At this point, each measure,  p(t),  plips(t), and  ulips(t), is a high frequency, AC-coupled signal (Figure 4), from which we want to approximate the volumetric flow rate. We achieve this conversion using three transformations of the signals: (1) envelope detection, (2) spectrogram processing, and (3) linear predictive coding (LPC).  The envelope of the signal can be assumed to be a reasonable approximation of the  flow rate  because it is a measure of the overall signal power (or amplitude) at low frequency.  In the frequency domain, resonances can be assumed to be amplitudes excited by reflections in the vocal tract and mouth opening—and therefore should be proportional to the flow rate that causes them. Finally, we can use linear prediction  as a flow approximation.
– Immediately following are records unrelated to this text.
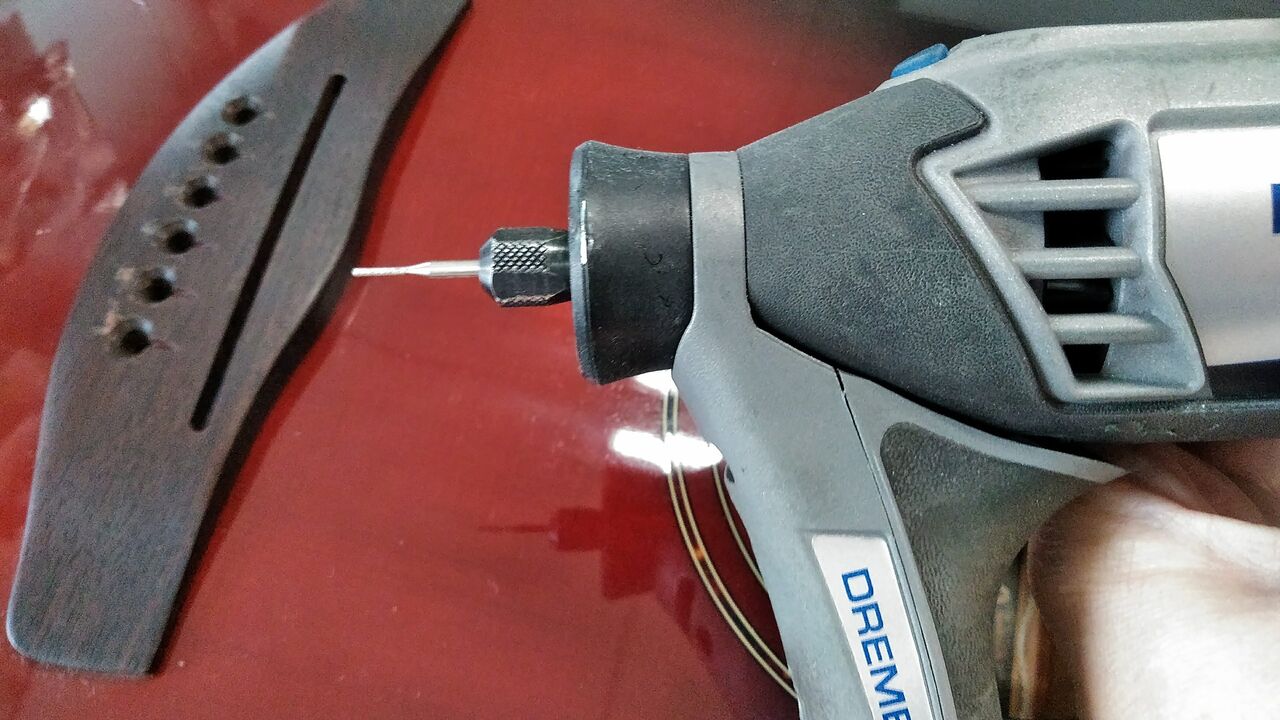 前回のCPXですが低く削られたサドルへテンションを掛けるためにブリッジピンの穴からサドルへ向かってスリットを入れます。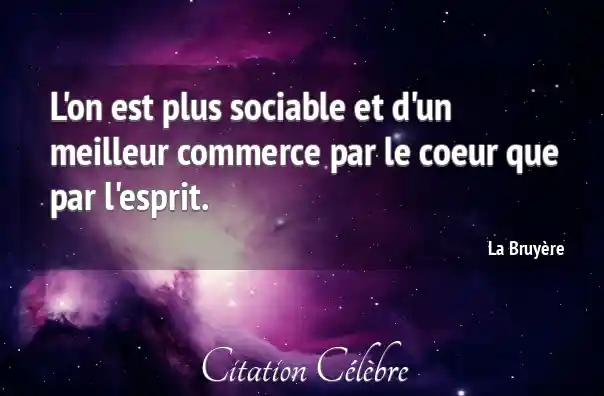 L'on est plus sociable et d'un meilleur commerce par le coeur que par l'esprit.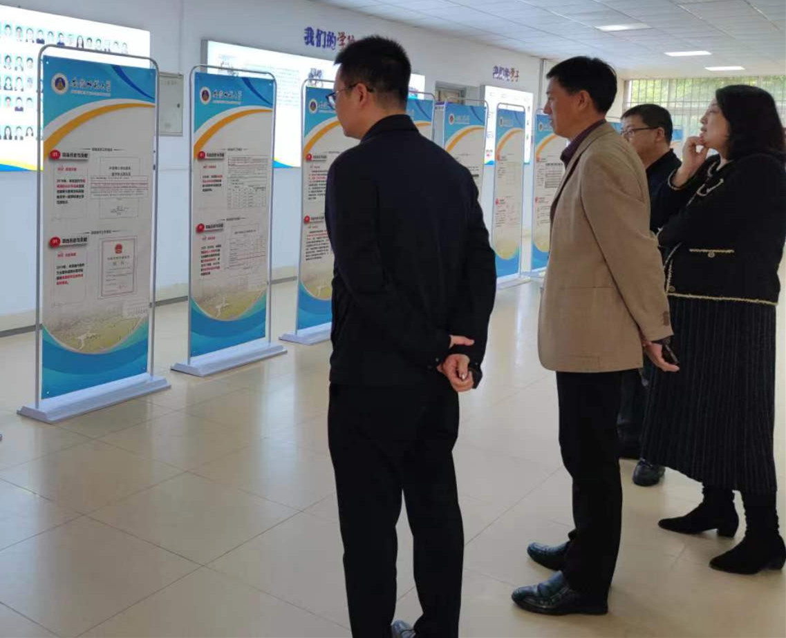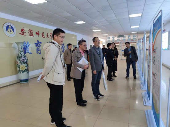 上午10点30分,在公司党委常委、副董事长熊宇杰的陪同下,由省教育厅第四评估专家组组长张严政、安徽工程大学国际交流合作处副处长朱铁军、安徽农业大学国际交流合作处副处长张文静、合肥市教育局基教处副处长徐超组成的评估专家组一行首先参观了公司中美合作现代教育技术专业硕士研究生教育项目自评估成果展,成果展包含本项目办学特色、历史与贡献、人才培养成效等方向的介绍。

Linear prediction assumes that a signal can be divided into a source and a shaping filter and it estimates the source power and shaping filter coefficients. The “filter” in our case is an approximation of the vocal tract [38].

The “source variance” is an estimate of the white noise process exciting the vocal tract filter—in  our case this is an approximation of the power of the flow rate from the lungs. The implementation of each stage is explained below.  

Envelope Detection:  The time domain envelope is taken using the Hilbert envelope.  The  Hilbert transform of the signal is taken and added back to the original signal, then low pass filtering is used to extract the envelope (an example envelope is shown in Figure 4, callout). Each signal is down-sampled  to have  the same sampling rate as the spectrogram and linear prediction models.  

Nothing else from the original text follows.